> _Work instructions_
The answer must be an exact copy of the lines from the top of the listing below through the line with "Šaty Lila od", with no pictures.

══ Data shown

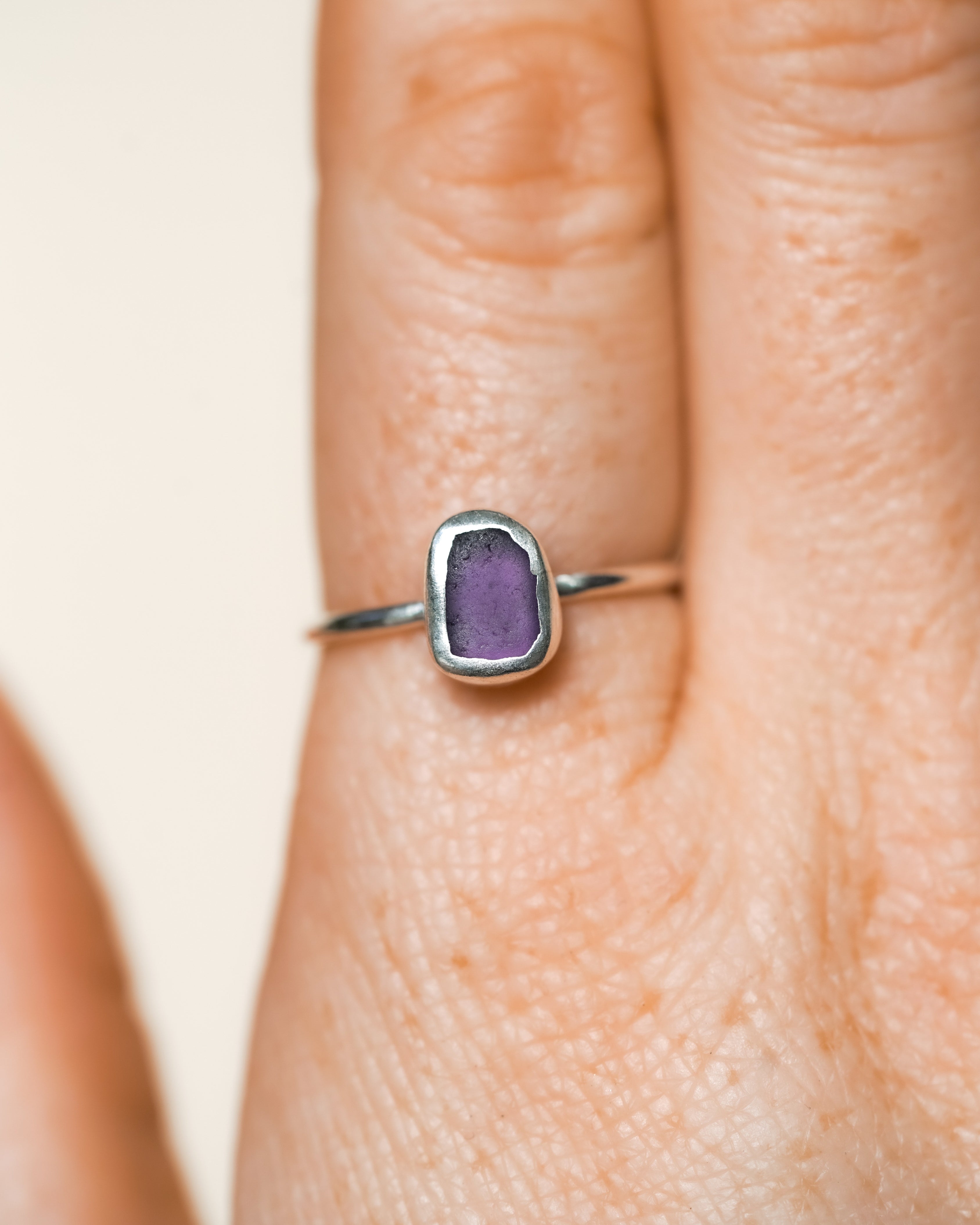 Purple Sea Glass Ring - Handmade from 925 Sterling Silver
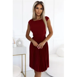 Šaty Lila od značky Numoco sú plisované, elegantné, s krátkymi rukávmi a v módnej bordovej farbe. Opasok v páse jemne zvýrazňuje siluetu a dodáva ženský šarm, zatiaľ čo krytý zips na chrbte zaručuje pohodlné obliekanie a estetický vzhľad. Tieto šaty sú ideálne na formálne a poloformálne príležitosti, spájajú módny dizajn s pohodlným nosením. Sú vyrobené v Poľsku a zaručujú vysokú kvalitu spracovania a pozornosť venovanú detailom.
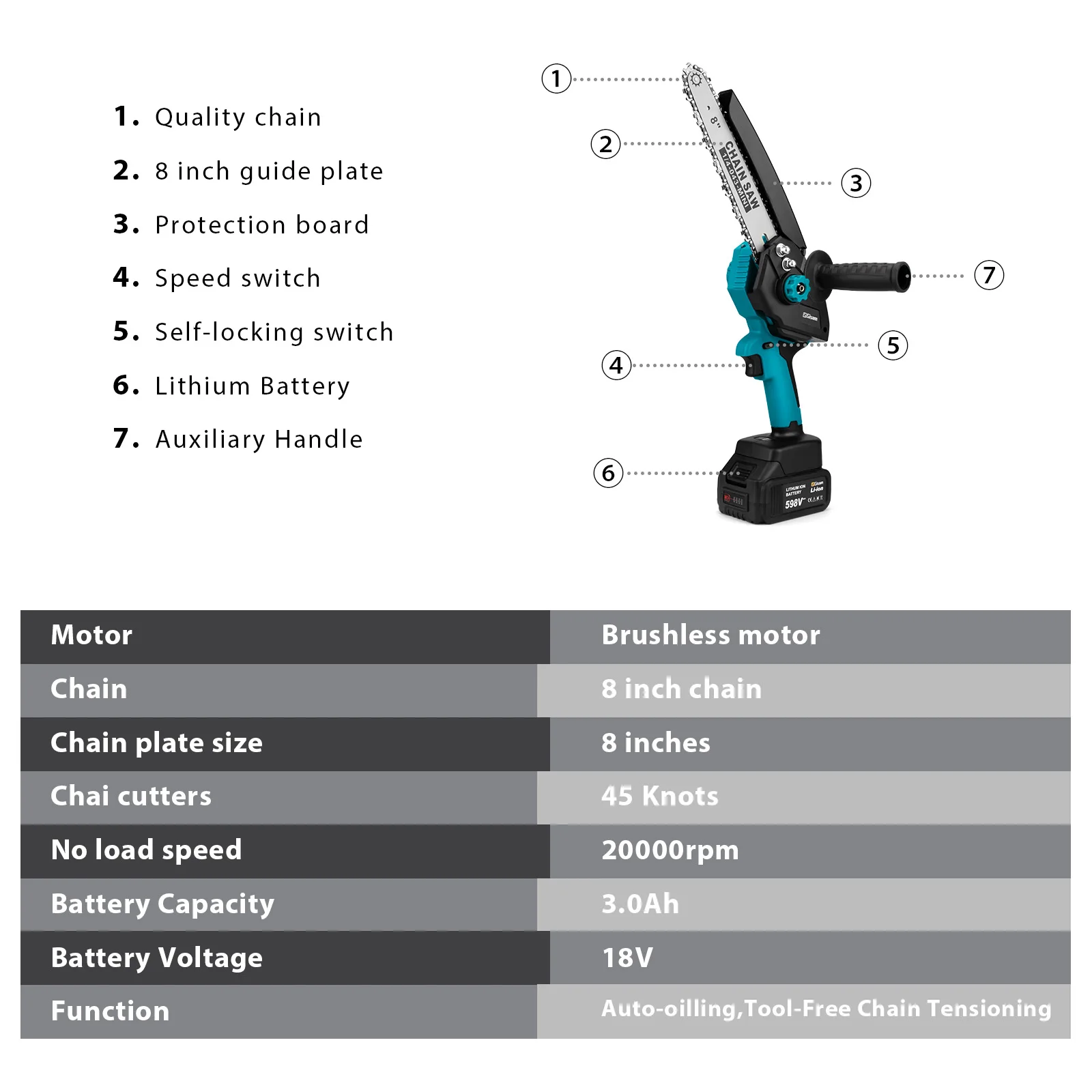 【Brushless Cordless Chainsaw】Unlike most 4-inch 6-inch small mini chainsaws on the market, this one has a powerful brushless motor inside. It provides 50% more efficiency than a traditional brushed motor, giving this portable chainsaw a longer run time and powerful motor life.
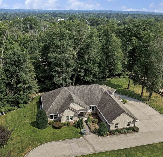 Stunning custom built ranch on one acre lot in upscale Buckingham Estates. 3,488 square feet of one level living with elevator service to basement and second level having an unfinished attic with finishing potential. Three car garage on grade and an additional 4 car tandem garage built-in. Natural gas direct generator. Public water and well on property for irrigation and kitchen. Unmatched quality with high-end finishes. Multi-zone radiant heated floors throughout, two zone central air, 9' ceilings, trey ceiling in dining room, great room and primary suite, crown moldings, granite, wood floors, stainless steel appliances, butler's pantry....the list goes on and on. Tremendous eat-in kitchen with separate eating area and center island with breakfast bar, walk-in pantry, formal dining room and great room. Primary suite with two custom walk-in closets, dressing area, full bath with jetted tub, shower stall, two vanities and private commode. Three additional bedrooms, one currently used as an office, full bath, powder room, laundry room and entry foyer. Vast walk-out basement with full bath and finishing potential. Full staircase located in foyer to second level for convenience of expanding. Two central air units. irrigation system, alarm system, speaker system, concrete circular driveway with Belgium block curbing. Conveniently located within minutes to town center, restaurants, shopping and major highways.
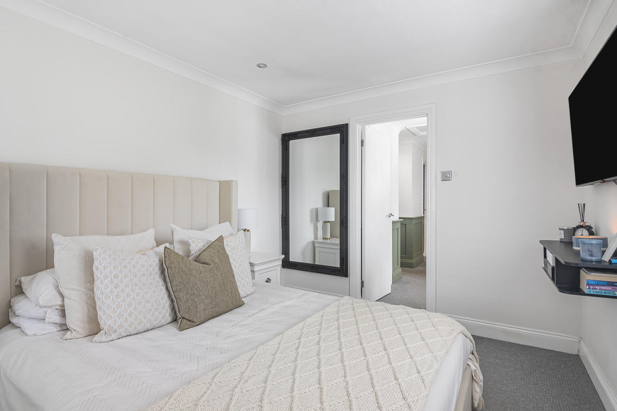 Both bedrooms are generous doubles, each offering a calm and restful ambiance with neutral décor and quality flooring. The stylish bathroom features contemporary tiling and high-end fittings, adding to the overall sense of sophistication and comfort found throughout the property.

════

> _Output of the exercise_
 Purple Sea Glass Ring - Handmade from 925 Sterling Silver
 Šaty Lila od značky Numoco sú plisované, elegantné, s krátkymi rukávmi a v módnej bordovej farbe. Opasok v páse jemne zvýrazňuje siluetu a dodáva ženský šarm, zatiaľ čo krytý zips na chrbte zaručuje pohodlné obliekanie a estetický vzhľad. Tieto šaty sú ideálne na formálne a poloformálne príležitosti, spájajú módny dizajn s pohodlným nosením. Sú vyrobené v Poľsku a zaručujú vysokú kvalitu spracovania a pozornosť venovanú detailom.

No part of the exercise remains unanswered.